Ren soltó una risa baja, moviendo la cabeza.
—Al menos ya lo aceptaste al fin.
—No lo acepto, lo estoy anunciando como una advertencia oficial.
—Llevas tres días diciendo lo mismo.
—Y llevo tres días teniendo toda la razón del mundo. ¿Recuerdas el centro comercial? ¿Recuerdas lo que pasó en la cafetería?
Kaede guardó silencio. Porque en el fondo, entendía perfectamente lo que Miyu intentaba decir. Después de todo, ellas habían visto a Lilia en acción. Habían caminado con ella por calles llenas de gente y habían visto cómo todas las miradas se giraban instintivamente hacia su figura. Habían sido testigos de cómo, sin hacer absolutamente nada, ella lograba que todo a su alrededor dejara de importar.
Miyu comenzó a contar con los dedos, marcando cada evento con pesar.
—Primero fue el centro comercial: caos total. Luego el salón de juegos: destrucción de récords y autoestimas. Después la cafetería: todos mirando. Luego los tipos de la máquina de fuerza: humillados sin querer. Y ahora… ahora le toca el turno a la escuela, que es el lugar con más gente junta de todos.
Levantó la vista hacia sus amigos, con cara de tragedia.
—Mis conclusiones son claras: estamos condenados. No hay vuelta atrás.
—Drama queen —le susurró Kaede con cariño, aunque una sonrisa nerviosa se le escapaba.
—¡No es drama si es la pura verdad! —se defendió Miyu.
En ese momento, la puerta del salón volvió a convertirse en el centro de atención de todo el grupo. Todavía faltaban unos minutos para que sonara el timbre de inicio de clases, pero la expectativa en el aire era casi tangible, pesada y emocionante al mismo tiempo.
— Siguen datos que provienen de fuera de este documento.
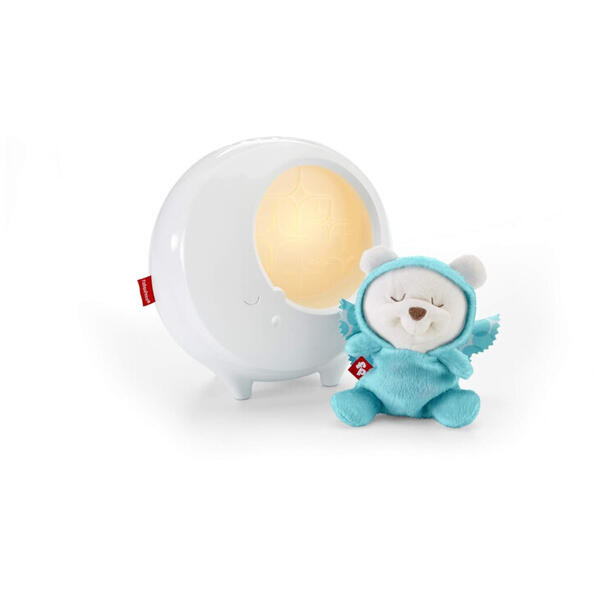 Teremtsen megnyugtató és kellemes hangulatot a Star Projector szett nyugtató és puha mackójával. Számos funkcióval rendelkezik, többek között csillagfény-vetítéssel, színváltó éjszakai világítással és különféle hangokkal és zenével, így könnyedén megtalálhatja azt a kombinációt, amely a legjobban megnyugtatja kisgyermekét és felkészíti az alvásra. Az aranyos, hordozható plüssállat tökéletes ölelhető játék kisgyermekének.

Ren observó aquel ambiente durante unos segundos, analizando todo, antes de hablar con un tono más serio y reflexivo.
—Aunque, honestamente… creo que eso ni siquiera será el verdadero problema.
Miyu lo miró al instante, sospechando.
—¿A qué te refieres? ¿Acaso hay algo peor que lo que ya dije?
Ren apoyó ambos brazos sobre el pupitre y se inclinó un poco hacia ellos, bajando la voz como si fuera una confidencia.
—Todos aquí, tú incluida, solo están pensando en cómo reaccionará la escuela ante Lilia. En cómo se van a quedar todos boquiabiertos, en cómo llamará la atención, en cómo todos la mirarán.
Hizo una pausa, mirando por la ventana, hacia el horizonte.
—Pero yo estoy mucho más preocupado por cómo reaccionará Lilia ante la escuela.
Ese comentario hizo que ambas guardaran silencio absoluto. Porque tenía sentido. Mucho sentido.
Después de todo… Lilia no era simplemente una chica nueva que venía de otra ciudad o de otro país. Ella venía de otro mundo.
Era alguien que había pasado toda su vida entre guerras, entrenamiento riguroso y disciplina absoluta. Alguien que había crecido recibiendo órdenes, cumpliendo misiones y sobreviviendo en campos de batalla donde el error significaba la muerte. Alguien para quien conceptos tan simples y cotidianos como:
Amistad, diversión, vacaciones, clubes escolares, recreo, eran prácticamente desconocidos, o al menos, cosas que nunca había podido experimentar ni entender del todo.
Kaede bajó ligeramente la mirada hacia sus manos, asintiendo lentamente.
—Es verdad… no pensé en eso. Para nosotros esto es normal, es nuestra vida de siempre… pero para ella todo esto es completamente nuevo.
Ren asintió, grave.
—Exacto. Mira alrededor. —Señaló el salón con la mirada—. Las conversaciones sin sentido, las risas por tonterías, los alumnos intercambiando apuntes, las pequeñas discusiones por cosas sin importancia, el tiempo libre… Todo esto es algo que ella jamás ha vivido. Ella está acostumbrada a estar siempre alerta, a protegerse, a luchar. Aquí nadie espera que ella luche. Aquí nadie le da órdenes militares. Aquí nadie quiere que ella sacrifique su vida.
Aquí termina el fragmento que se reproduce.